The ginger is burning a hole in my head and my left hand is asleep, pressed into nonfunction by the chi bead. My throat waters. But I am not getting sick.
I surrender. Just one pill. Give me 20 minutes.
2:56 PM Hartford, CT
(post-McDonald’s drive through)Hartford sucks.
The god of Dramamine has seized me by the throat. Things are looking dire and I’m not sure how much longer I can write.
Do you remember zinc oxide? Zinka, I believe was the brand name. Thick pastel stripes down the nose and across the cheeks, mark of surfers and shore teens. That was hip in 1985. “People used to wear that,” I muse.”I wore that,” Ruby says.

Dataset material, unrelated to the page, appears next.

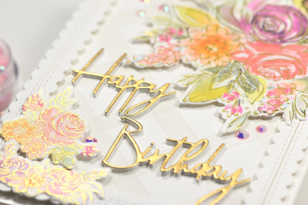 I used the PinkFresh Studio Stitched Scallop Rectangles to cut a panel of 110lb cardstock and die cut the Happy Birthday sentiment from the Classic Words die set. I cut the sentiment three times from 110lb cardstock and once from gold cardstock. Why? Because dimension is life! I will never stop saying that! I adhered all of my sentiment pieces together using Craft Tacky Glue.
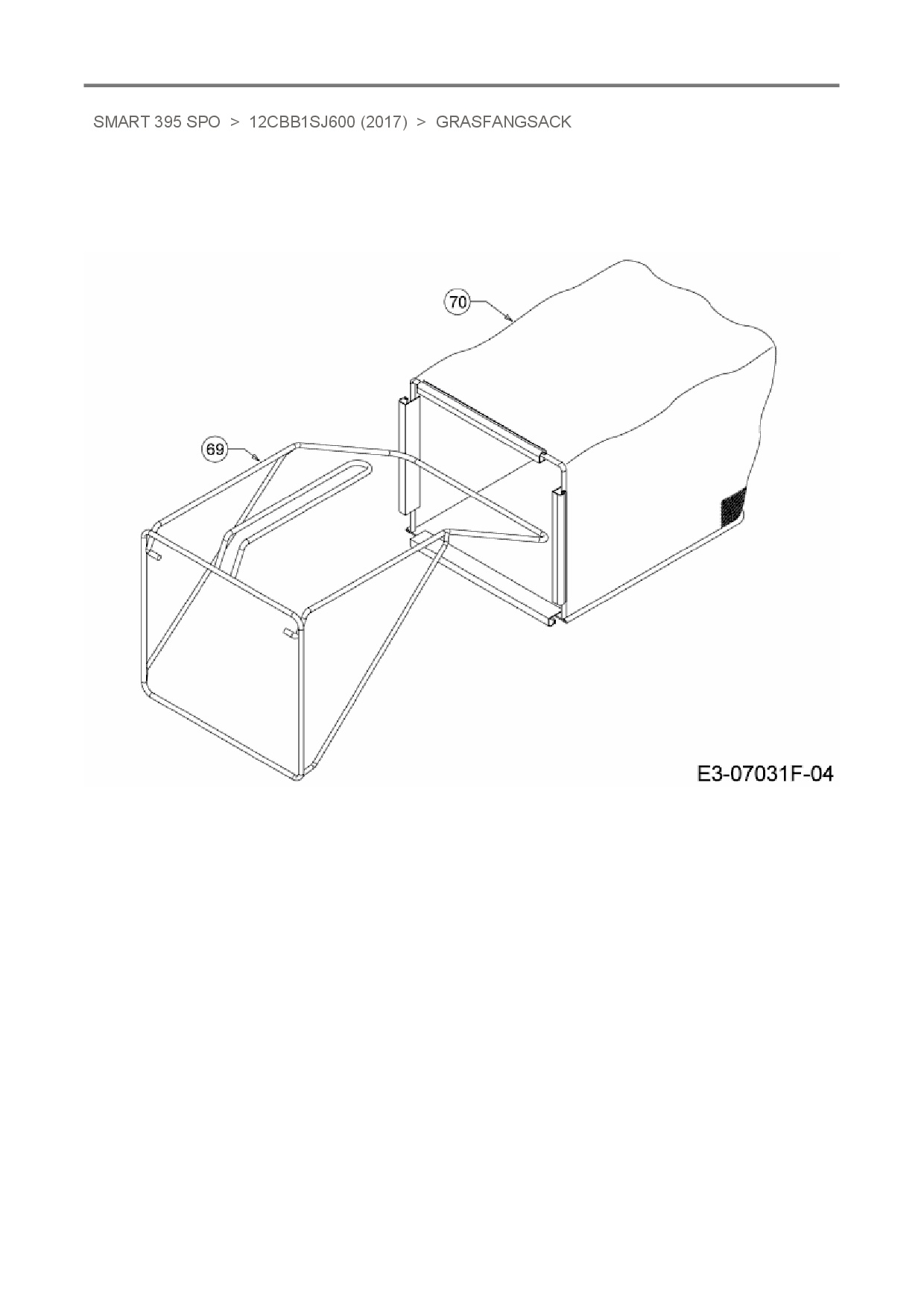 Ersatzteile für Motormäher mit Antrieb MTD Smart 395 SPO aus der Zeichnung Grasfangsack:

I got a new hat from work. It is the perfect dotcom tchochke: a black baseball cap emblazoned with the Symantec logo. Have I name-dropped here before? I think I usually preach separation of church and state but hell . . . with the drugs talking and all, you may as well go read my most recent article. Symantec, powerful creator of Norton AntiVirus, has given me this new black hat to keep the strands of hair out of my face while I’m in the car. Though I think the hat would be cooler if I was a hacker and I were wearing it in irony.
“If someone’s going to eat a part of my body, I want them to enjoy it.” Ruby, on people vomiting up cow brains on Fear Factor.

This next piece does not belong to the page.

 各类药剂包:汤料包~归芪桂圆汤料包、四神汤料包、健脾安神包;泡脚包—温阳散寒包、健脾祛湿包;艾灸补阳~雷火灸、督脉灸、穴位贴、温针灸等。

Welcome to New York, the Empire State. Now if you had a business, and the only thing you did was manufacture and sell “wiping rags,” does that mean you would shun blotting, dabbing and swiping rags?

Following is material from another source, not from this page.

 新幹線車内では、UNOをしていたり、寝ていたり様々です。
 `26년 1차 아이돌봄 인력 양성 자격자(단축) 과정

Tappan Zee, muddy river…traffic. Make that TRAFFIC. New ETA: 7:30 PM.
The Dramamine seeps into my cells, robbing me of consciousness. I cannot feel my body.
We’re listening to Vertigo by Jump, Little Children. Jump recorded a live show in South Carolina a few months ago to release on DVD. I used to be part of their promotions team and I postered the area and harassed random radio stations. They offer prizes for the best promos. As a prize for this promotion, the winner hosts the band members in their living room to watch the DVD with them.
But what if it sucked? Or better yet, what if your roommate came home and was like, “what is this shit you’re watching?” Or even worse, “oh hey — aren’t you Matt Bivins — the guy Kristin has dedicated her life to serving in disgusting idol worship?”
I’m not entering that contest.
Hello more traffic. Hello end of Dunkin Donuts hazelnut coffee and resultant anxiety stomach ache. Last night I was in the kitchen and there were four pots of coffee between Peter and me. I was determined to stay up all night creating and twitching. Unfortunately I was unable to induce mania and ended up going to sleep at 2:00 to the beat of horrible dreams that left me unrested. Got to knock it off with the roasted beans.
7:03 PM Asbury Park Toll — designated Home of the Boss.
“You put the Ho in Hohocus.”
7:51 PM LBI, baby!
Our entrance theme song is, appropriately, “Atlantis.”.
We pass the Sunglass Menagerie, Surf Nails, Dairy King (the estranged husband of Dairy Queen), water towers like giant aliens, sandy sidewalks, Beach Theatre, Surf City, and then Beach Haven…here we come.